Wednesday, February 17, 2016

Is Pa headed for this?

The Kansas Supreme Court on Thursday gave the state until June 30 to enact an “equitable” school funding formula or, it said, the state’s public schools won’t open for the 2016-2017 school year.

In its ruling, the court said that if a formula isn’t in place by then, the court will decide that “no constitutionally valid school finance system exists.” 

“Without a constitutionally equitable school finance system, the schools in Kansas will be unable to operate beyond June 30,” the Supreme Court said.

“Accordingly, the Legislature’s chosen path during the 2016 session will ultimately determine whether Kansas students will be treated fairly and the schoolhouse doors will be open to them in August for the beginning of the 2016-2017 school year,” the ruling stated.

The ruling affirms a Court of Appeals decision that the state had failed to correct constitutional inequities among school districts in the state’s school funding system. The three-judge appeals panel said the state’s block grant system had shorted poor school districts by $54 million.
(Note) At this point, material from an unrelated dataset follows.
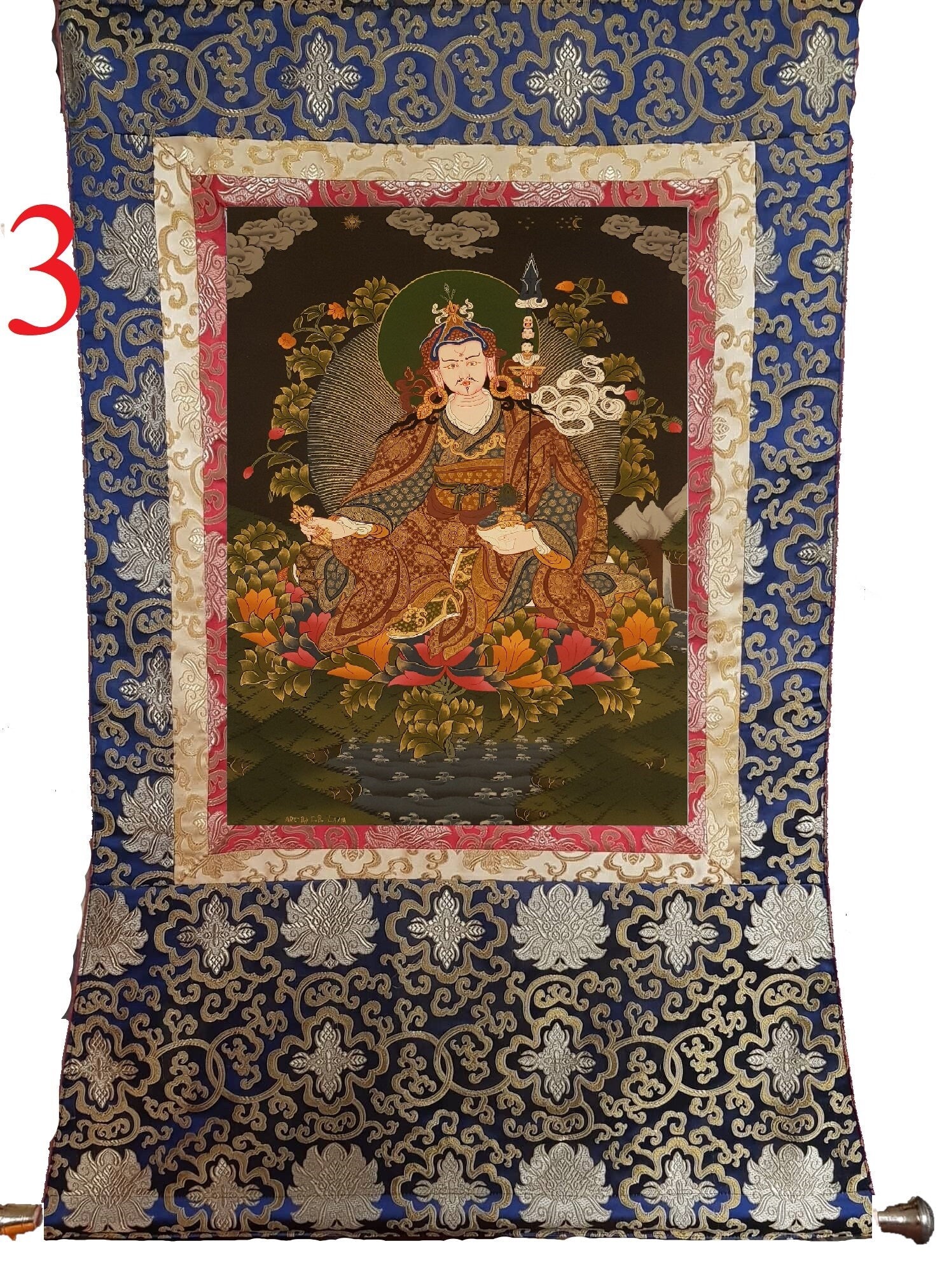 68. Guru Rinpoche Padmasambhava Thanka (Thangka). Free Brocade / Free Shipping.

The Legislature switched to a block grant system last year to replace a per-pupil funding formula until it could devise a new formula. But the court said block grants left schools underfunded.

Gov. Sam Brownback issued a statement reacting to the ruling: “Kansas has among the best schools in the nation, and an activist Kansas Supreme Court is threatening to shut them down. We will review this decision closely and work with the Legislature to ensure the continued success of our great Kansas schools.”

But Alan Rupe, an attorney for the school districts that challenged the block grant system, including Kansas City, Kan., public schools, was pleased with the decision.

“It’s a win for every kid in Kansas that attends public schools, particularly kids who are disadvantaged and in high poverty areas,” Rupe said.